Seventy-three Forced Labourers Sent Home

Seventy-three Ukrainian women living in squalid conditions in one house are having to leave Poland today because they do not have permission to work in a Christmas-wreath factory. Despite their difficult living conditions, most of the women say they want to stay because they need the money.

Immigration officials say that although the women have legal visas, they are deporting them because they had permits only for agricultural work, not factory work. Their deportation means they cannot return to Poland legally for a year.

The women were working in Trzeborz, near the city of Pyrzyce in northern Poland. They earned 7 złoty an hour making Christmas wreaths and decorations.

Lieutenant Colonel Jacek Ogrodowicz of the Polish Border Guard said the owner of the factory, Jan Siwiec, faces sanctions in the case, although it will depend on what testimony the women give. Prosecutors could accuse him of hiring the women even though he knew their work permits prohibited them from doing factory work. He could also face an accusation of keeping the women in unsanitary living conditions. The house where the women lived was unfinished, with only concrete floors and walls. Not one room had a window. There was no space between the beds jammed into each bedroom. The beds contained no pillows or bedding ? just straw mattresses. Even worse was the bathroom situation. None had bathtubs or showers ? only sinks.
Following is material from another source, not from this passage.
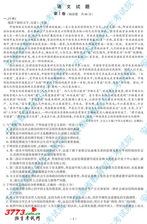 [组图]2012年安徽高考考试试题参考答案(语文)

And there were only a handful of sinks for all 73 women.

“These women were living like animals,” said Ludmila Aleksiejewa of the Helsinki-based International Federation for Human Rights.
The women, who don’t want to lose their jobs, downplayed their living conditions.
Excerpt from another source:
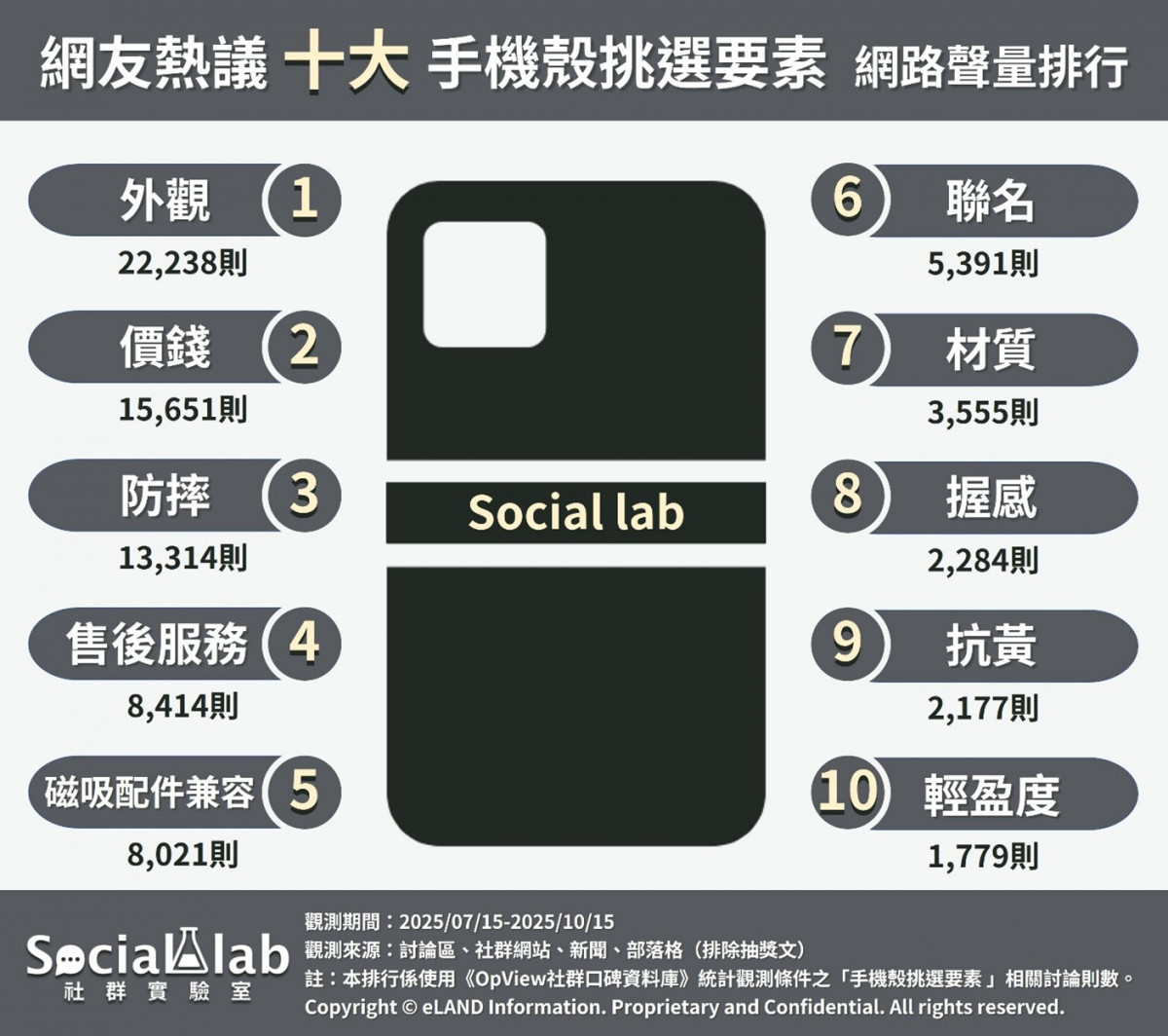 觀察近三個月網友針對「手機殼挑選要素」的討論,可以發現手機殼的「外觀」穩居聲量榜首。許多網友認為,手機殼早已超越單純的保護配件,成為展現生活品味與個人美學的日常單品。

“It isn’t too bad – it isn’t too bad,” one of them told the Polish radio station RMF-FM. “We have water, a kitchen and heat.”

The women said they don’t understand why they have to leave if they want to work. Maria Andrusiak recently lost her husband. “I wanted to earn some money in Poland for the tombstone,” she told the Szczecin Voice newspaper. “Now I’m alone with my four children. In Ukraine there is no work.”

Hanna Jackiel came to Poland to help two adult daughters and their grandchildren. “But now everything is over,” she sighed.